Photo of Lisa Jacobs by Wayne Slezak

In Illinois, 13 percent of all girls in detention were brought in for adolescent domestic battery, compared to 5 percent of all boys, according to a 2015 study by the Juvenile Monitoring Information System at the University of Illinois and the Illinois Juvenile Justice Commission. Of those detained, girls of color accounted for 62 percent.

“The more we talked in Illinois, the more we realized we’re applying adult models developed for adults and intimate-partner violence,” Jacobs says. “We were getting it wrong in two ways. Now we are taking the time and resources to look at girls.”

The grant-funded project builds on policies created in suburban DuPage County. There, if a child is arrested for domestic battery and the parents say the child must leave the home, the minor is brought into a detention center for no more than 40 hours before appearing before a judge. If it’s a first arrest, the child and parent will meet to determine whether home is a safe environment. If so, the social worker will offer the youth a diversion program to keep the child out of detention. If the youth does well, all charges can be dropped.

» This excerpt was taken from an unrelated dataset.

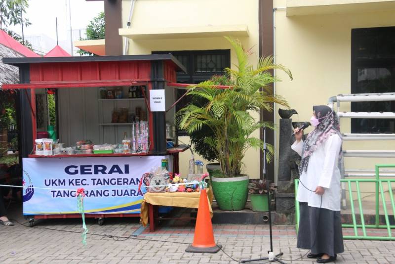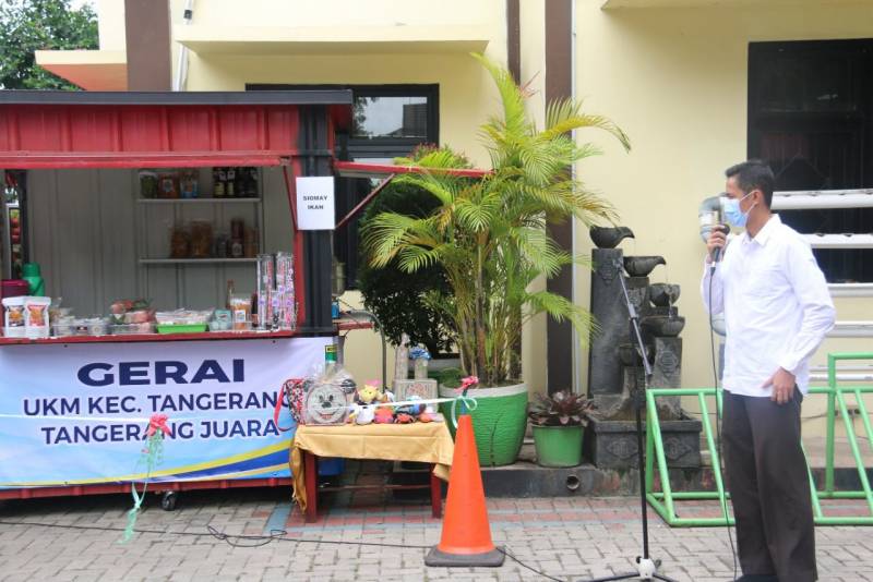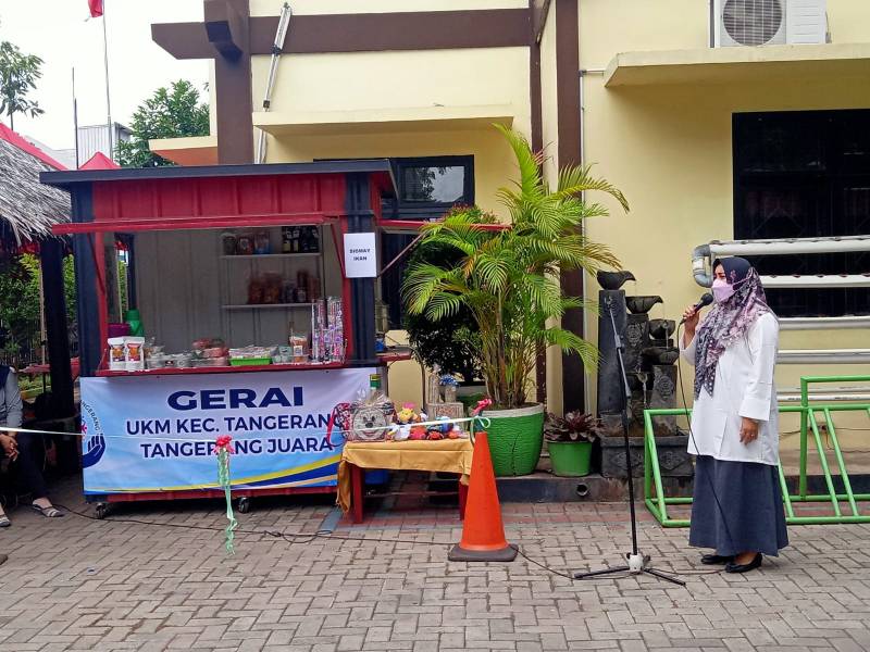 Memotivasi dan mendukung produk lokal atau UMKM. Kecamatan Tangerang meresmikan gerai UMKM yang dibangun di halaman kantor Kecamatan Tangerang, Jumat (12/11/21). Puluhan pelaku UMKM terbaik Kecamatan Tangerang dengan berbagai produknya, kini dapat dengan mudah dijumpai dan beli di Gerai UMKM Kecamatan Tangerang.

The goal is to first divert girls at the police station and avoid detention altogether. “It’s a lofty goal and, of course, we have to determine which kids really are a risk,” Nussbaum says.

“Some cases don’t need to be in the juvenile justice system at all,” Jacobs says.

The road back

Amber’s experience has proven that help is better than incarceration. “Communities need to come together and start something for girls—programs that help them instead of locking them up,” she says.

Amber says her incarceration in West Virginia didn’t help at all. “I knew in my heart that if someone had intervened, if someone had given me patience, love and tolerance for me at that age—things would have turned out a lot differently. I wouldn’t have been so lost.”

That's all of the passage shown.